InforSense has thus been spending some time adapting the flexibility of the workflow approach, so as to make the same system look different to different users. The key to this feature is role-based access – depending on your role in the workflow you can access certain data differently. The vice-president of cheminformatics might well have access to all the data in the system while someone working on toxicology would only access a subset of the data, depending on their role in the research programme as a whole. ‘We address how at the enterprise level you can use all the data of knowledge available,’ says Guo.
The system is built on an oracle database, again with enterprise-level applications in mind, and uses a Grid architecture. ‘We always present this as programming the Grid. Workflow is the way to extract uniform services from distributed programming. And who is the programmer? The scientist,’ professor Guo said.
Pipeline Pilot runs on Linux and on Windows. ‘It is a robust and highly scalable environment that can run on large-scale Linux clusters,’ Dr Hahn said. ‘Our customers have rolled it out to hundreds of users across multiple sites.’
Integration of all data from the research lab to the results of clinical trials has been an aspiration since the earliest days of bioinformatics.

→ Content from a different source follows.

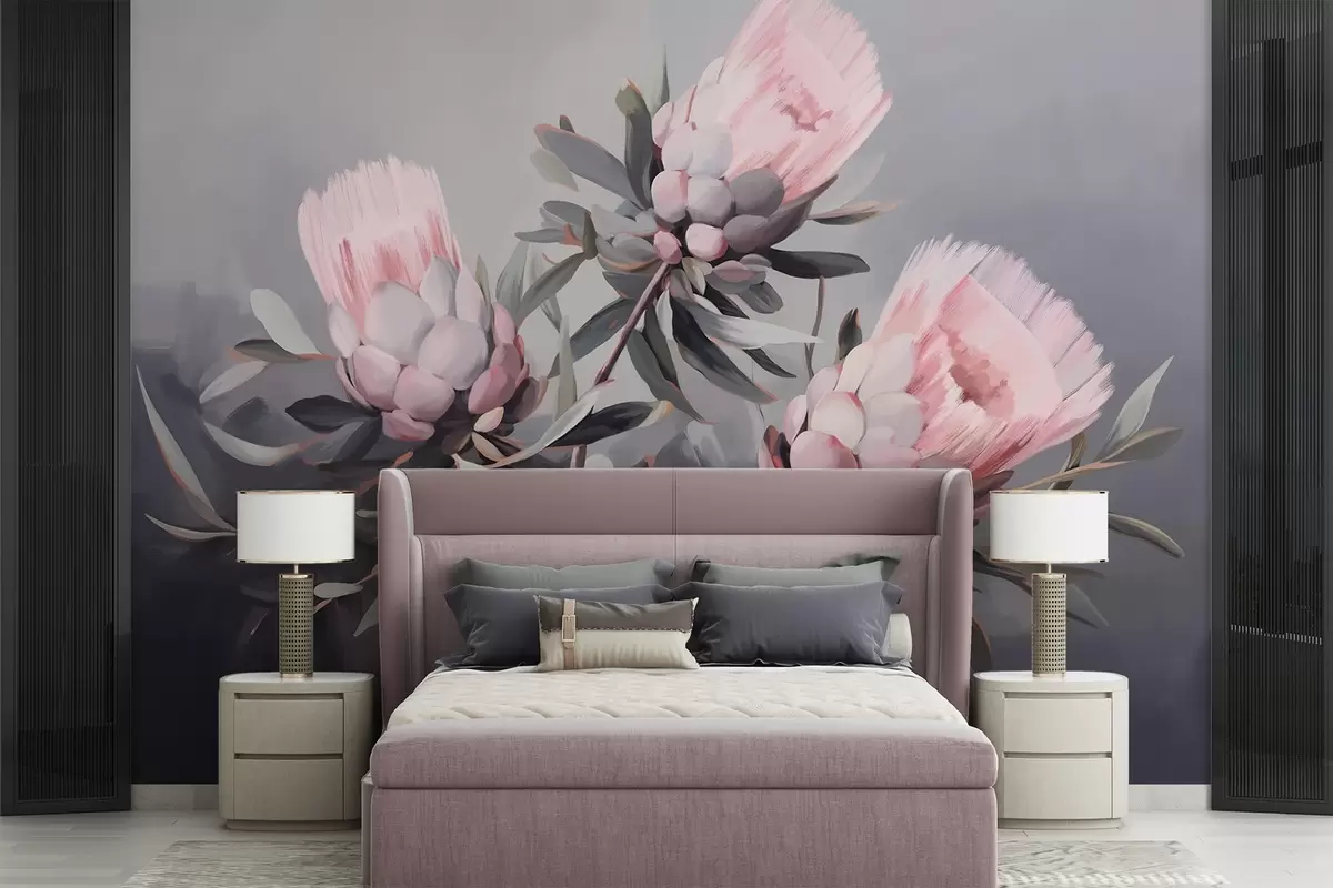 Fotobehang Roze protea abstracte bloemen met grijze bladeren, zachte textuur penseelstreken, gedempte kleuren, tegen een onscherpe grijze achtergrond N° w09014
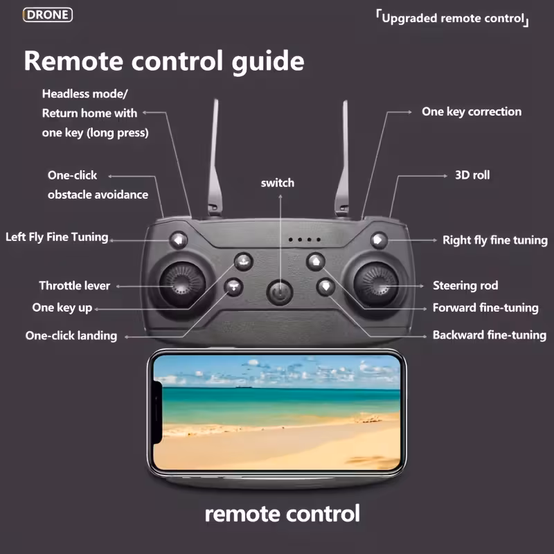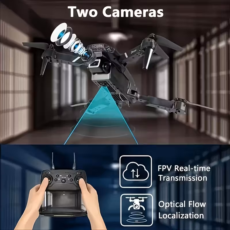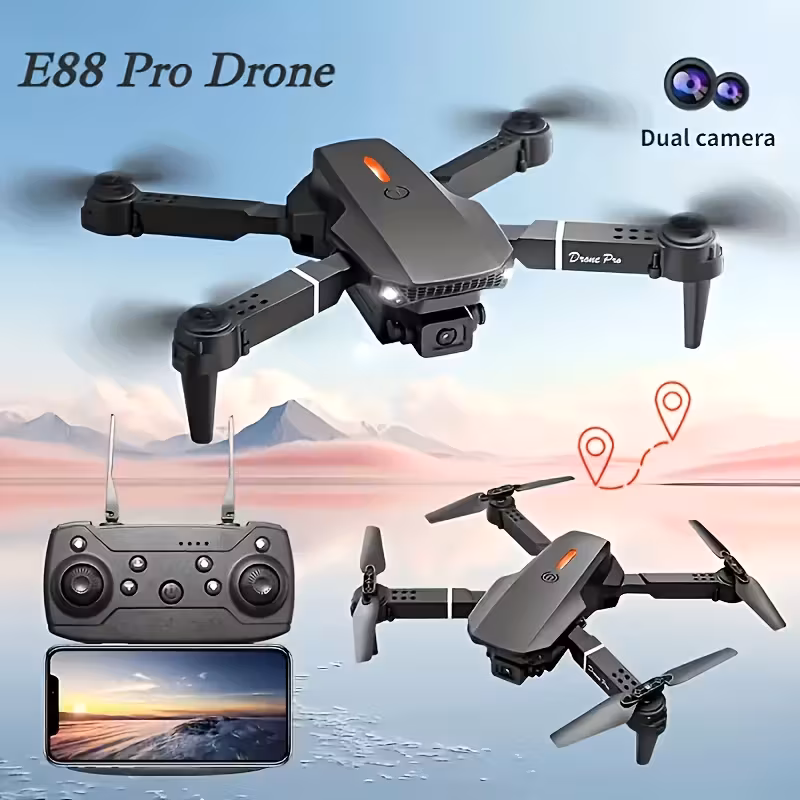 E88PRO Dron Profesional con Cámara Dual, Despegue y Aterrizaje con Una Tecla, Transmisión de Imágenes por App, Acrobacias Geniales Rotación de 360°, Estabilidad de Hovering con Flujo de Luz, Cuerpo Plegable de ABS

Some companies attempted it too early, and attempted too much, designing their own bespoke systems intended to exclude competitors but which were not flexible enough to accommodate the diversity of user requirements. Now, there is a corresponding diversity of companies offering different types of software for the management and analysis of all that data and the integration is itself being provided by yet other companies who are providing the tools to make integration a reality at last.